In much anticipated fashion, it was time for the main act of the night, Hobo Johnson and The Lovemakers. Unseen before by any Vegas crowd, Hobo Johnson took to the mic and started the main event. The self proclaimed “stunt puller from birth” opened the show off stage and amped up the venue by bumping the Space Jam anthem, “Are You Ready For This?”. This took Annie and I by surprise as I’m sure it did everyone else in attendance. What was very evident in that moment was that we were on the cusp of experiencing something legendary. Hobo began to announce each member of the band with the vocal swag of a NBA announcer and called for each of The Lovemakers to hit the stage. Each would enter throwing red roses to the unsuspecting members of the audience which became a “you had to be there moment” in my book. The sincerity of the group’s gesture was the ideal first impression for a young band performing in Las Vegas for the first time, especially for an all ages show.
From past experiences, being apart of an all ages crowd is an awkwardly beautiful thing. The older generation becomes immersed in the hilarious absurdness of die-hard fandom while the future music lovers accompanying their parents are dispersed amongst them. The musical atmosphere gave me the feeling of laying on a carpet listening to sultry ballads on vinyl with a slight, satyrical tone.
The melodious young musicians started the show with a musical plea of a pseudo love story written by Hobo Johnson, “Romeo and Juliet.” The overwhelming crowd participation fueled the spastic movements of pure energy Hobo Johnson is adored for. Johnson’s fixated gaze on members of the crowd reflected the genuine intentionality of every lyric written and delivered.
Record after record, The Lovemakers remained in musical sync with their maestro for their segment on stage. During a band break, Hobo strolled in front of the stage’s keyboard and went into a more intimate vibe as members of The Lovemakers band took their leave. Johnson took that moment to allow his lyrics and the music to converge together in his being and displayed it for the room without restraint.

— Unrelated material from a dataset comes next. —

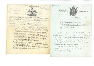 messidor an XII, envoyée par le peintre David au maire d'Albi, 1 page in-4 impr., adresse. - P.S. de Jean-Baptiste baron REGNAULT 1754-1829), peintre néoclassique ; Billet d'entrée pour la " Galerie de M. le Baron Regnault, membre de l'académie Royale des Beaux-Arts, rue de l'école de Médecine… ". - L.A.S. de Pierre Alexandre VIGNON (1763-1828), architecte néoclassique, Paris, 17 mai 1806, 1 page in-4, adressée à un marchand de fond, étant intéressé pour l'achat d'un château sur la terre de Chessi ; joint impr. " P. Vignon architecte à la Convention nationale sur la nouvelle salle dans le palais des Tuileries " (incomplet) - L.A. d'Antoine GROS (1771-1835), peintre, Paris, 16 déc. 1824, à M. Boucher, premier violon du roi d'Espagne, demi page in-4. Il regrette de ne pas s'être trouvé chez lui pour recevoir M. Boucher et propose à celui-ci de revenir dimanche à onze heures. - L.A. de Robert LEFEVRE (1755-1830), peintre, fin 1827, demi page in-4. Brouillon de sa réponse à la suite d'une L.S. des administrateurs des Bains de Marie-Thérèse de la Rochelle du 15 déc. 1827. Il les remercie pour leurs félicitations au sujet du portrait de S.A.R. Madame la Dauphine que le Roi a accordé à l'établissement des bains de la Rochelle : " Je m'y suis surpassé. J'y ai fait du moins mes efforts. Lorsqu'il s'agit de donner une idée de la majesté nie aux vertus les plus éminentes un cœur français (…) ne peut jamais assez bien exprimer tout ce qu'il y a de noblesse dans les traits de cette auguste princesse… ". - L.A.S. de François-Marius GRANET (1775-1849), 7 décembre 1831, 1 page in-8 : " J'ai l'honneur de vous présenter un petit tableau que j'ai exposé au dernier salon, (…) je pense, messieurs, que sa forme et le prix de trois cent francs que j'y attache pourront convenir à votre estimable société… ". - 4 L.A.S. de Victorine JAQUOTOT (1772-1855), peintre sur porcelaine, 1819 à 1833, 1 page in-8 ou in-4 chaque : Paris, 16 avril 1819 : " J'ai l'honneur de vous prévenir que j'ai livré depuis quelques jours à la demande de M. le comte de Pradel et entre ses mains, le portrait de Jeanne d'Albret pour faire partie de la collection commandée par le roi… " ; 18 mai 1825 : " Madame la baronne de Marguerite veut elle bien, en agréant mes civilités empressées que je lui rappelle la promesse qu'elle m'a faite de venir voir mon tableau de la Corine terminée, ainsi que le portrait d'Anne de Boulen d'après le fameux Holbein ?... " ; Paris, 2 avril 1829 : " Monsieur le duc, si vous le permettez j'aurai l'honneur de vous porter (…) le petit tableau que je viens d'achever (celui de l'Espérance de Gérard) ; et que je désire vivement ainsi que monsieur Gérard pouvoir mettre sous les yeux du roi quand Sa Majesté daignera le permettre… " ; Paris, 14 sept. 1833, à l'architecte Lebas au sujet d'une visite de son atelier avec Visconti. Joint L.A.S. de M. de Lourdoueix, 10 février 1825, relative à la pension de Jacquotot. - L.A.S. de Pierre François FONTAINE (1762-1853), architecte et décorateur de Napoléon Ier et de Charles X, 13 déc. 1827, 1 page in-4 - L.A.S. d'André GALLE (161-1844), graveur, 20 brumaire an XII (12 nov. 1803), 1 page in-8 - L.S. de Nicolas Pierre TIOLIER (1784-1843), graveur et médailleur de la monnaie de Paris, 22 février 1809, 1 page in-fol. - L.A.S. de François Joseph BOSIO (1768-1845), sculpteur, au peintre François Joseph Heim, 2 pages in-8. Il n'est pas encore suffisamment rétabli pour supporter les fatigues du jury : " (…) vous savez que quand il n'y a pas quelqu'un qui porte un peu d'intérêt à un artiste et qui puisse faire valoir des qualités à côté des défauts, il est arrivé quelquefois en peinture comme en sculpture que des ouvrages ont été refusées, mais auraient été reçus si quelque membre du jury se fut intéressé à l'artiste… ". - L.A.S. d'Antonio CANOVA (1757-1822), sculpteur italien, texte en italien, 1 page in-4, adressée à madame de Custine. Bien qu'étant légèrement indisposé, il espère être en état de recevoir chez lui l'aimable visite de Madame de Custine. - L.A.S. d'Antoine Marie PEYRE (1770-1843), architecte, Paris, 5 frimaire an XIV (26 nov. 1805), à son en-tête, vignette à l'aigle impérial. - etc.

For the most loyal Hobo Johnson fan, you were a passenger on Frank’s, unfiltered emotional rollercoaster..
Hobo played his last chord of the night and the room quickly filled with the verbal thunder of an emotionally sanctified audience.
Whether or not you were an official Hobo Johnson fan at the beginning of the show, you left that night harboring an emphatic compassion for the musical stylings of The Lovemakers, the lyrical deliverance of Hobo Johnson, and undying respect for the guy behind the persona.